Noum om Beng rió de nuevo.

— Qué locura, niño.

— No. En nuestro capullo, durante los días del Largo Invierno, había un ser que siempre dormía, que se limitaba a yacer en un lecho, en la cámara central. Lo llamábamos Ryyig, el Sueñasueños. Era muy alargado, de piel clara y rosada, sin pelaje, y su cabeza se elevaba más allá de la frente, y tenía los ojos púrpura, con un brillo extraño. Se decía que siempre había vivido con nosotros, que había llegado al capullo el primer día del Largo Invierno, cuando las estrellas de la muerte comenzaron a caer, y que dormiría hasta el día en que terminara el invierno. Y que luego se sentaría, y abriría los ojos, y profetizaría que debíamos salir al mundo. Y que después de eso moriría. Eso se vaticinó mucho tiempo atrás, y quedó registrado en las crónicas. Y es lo que realmente sucedió, Padre. Lo vi. Yo estaba allí el día en que despertó.

Noum om Beng le atendía con una mirada extraña. Tenía el rostro rígido, y los ojos rojos le brillaban. La respiración áspera del anciano Hombre de Casco aumentó hasta parecerse al jadeo de una bestia al acecho.

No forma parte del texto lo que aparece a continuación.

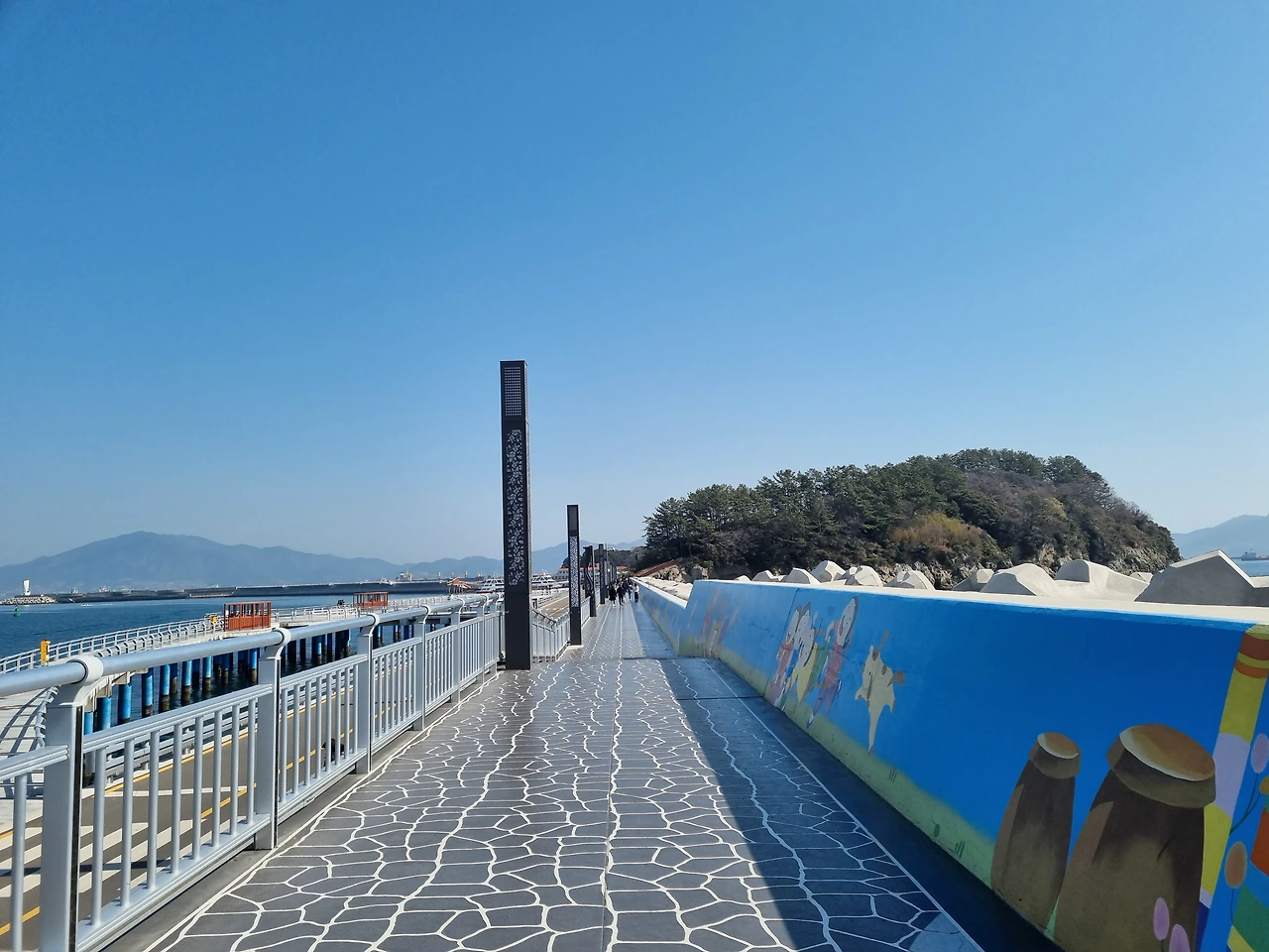 20여분간 방파제를 걸어서 오동도에 가도 되고 방파제 입구에서 오동도행 유람선을 탈 수도 있다. 우리는 가는 길에 바다도 구경하고 운동 삼아 걸을 겸 유람선을 타지 않았다. 멀리 방파제 끝으로 보이는 섬이 오동도였다. 처음에는 오동도가 눈 앞에 보여서 금방 갈 것 같았는데 생각보다 방파제가 길었다.

— Creo que el Sueñasueños era un ser humano. Que fue enviado para que viviera con nosotros y nos protegiera durante todo el Largo Invierno. Y cuando el Invierno terminó y su tarea concluyó fue llamado por su gente — concluyó Hresh.

— Sí — reconoció Noum om Beng. Temblaba como la cuerda de un arco —. Así debe haber sido. ¿Cómo no me di cuenta? Niño: te diré una cosa. En nuestro capullo también teníamos un Sueñasueños. No sabíamos quién era, pero había uno, igual que en vuestro capullo. Y también teníamos lo que tú llamas Barak Dayir. Está registrado en nuestras crónicas. Pero nuestro Sueñasueños despertó antes de tiempo, cuando los hielos aún aprisionaban el mundo. Nos hizo salir y perecimos, y los hjjks capturaron nuestra Piedra de los Prodigios. Nakhaba nos ha guiado bien y a pesar de las pérdidas pudimos adquirir grandeza. Y aún nos queda mucho por conseguir. Todo el mundo será beng, niño. No me cabe duda. Y nuestra tarea ha sido mucho más dura, pues no contábamos con el Barak Dayir en los últimos años. En cambio, vosotros… tú, niño… en posesión de ese objeto mágico…

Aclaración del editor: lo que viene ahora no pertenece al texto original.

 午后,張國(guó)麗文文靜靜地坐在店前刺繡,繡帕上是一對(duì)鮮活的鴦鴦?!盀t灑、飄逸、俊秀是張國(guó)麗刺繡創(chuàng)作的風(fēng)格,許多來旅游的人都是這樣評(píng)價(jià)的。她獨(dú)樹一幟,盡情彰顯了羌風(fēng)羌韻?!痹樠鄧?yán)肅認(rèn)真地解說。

La voz de Noum om Beng se apagó; los ojos miraban al suelo.

— ¿Sí? ¿Sí? ¿Cuál es el destino de mi pueblo?

— ¿Quién sabe? — dijo el anciano Hombre de Casco, con inesperado cansancio —. Yo lo ignoro. Incluso Nakhaba lo desconoce. ¿Quién puede leer el libro del destino? Yo veo el nuestro. El vuestro no se me presenta claro. — Sacudió la cabeza —. Jamás pensé que nuestro Sueñasueños pudiese ser un hombre. Y sin embargo, ahora veo que tu apreciación posee mucha fuerza. Que tu razonamiento tiene mucha lógica. Tiene que ser eso…

— Sé que estoy en lo cierto.

— ¿Cómo puedes estar tan seguro?.

— Por una visión que tuve, mediante una máquina que encontré en Vengiboneeza y que me reveló el Gran Mundo. Me mostró a los ojos-de-zafiro y a los vegetales, y a las demás razas. Y me mostró también a los seres humanos, caminando por estas mismas calles. Y eran iguales a nuestros Ryyig Sueñasueños…

— En ese caso, ahora comprendo muchas cosas que antes me resultaban confusas — dijo Noum om Beng.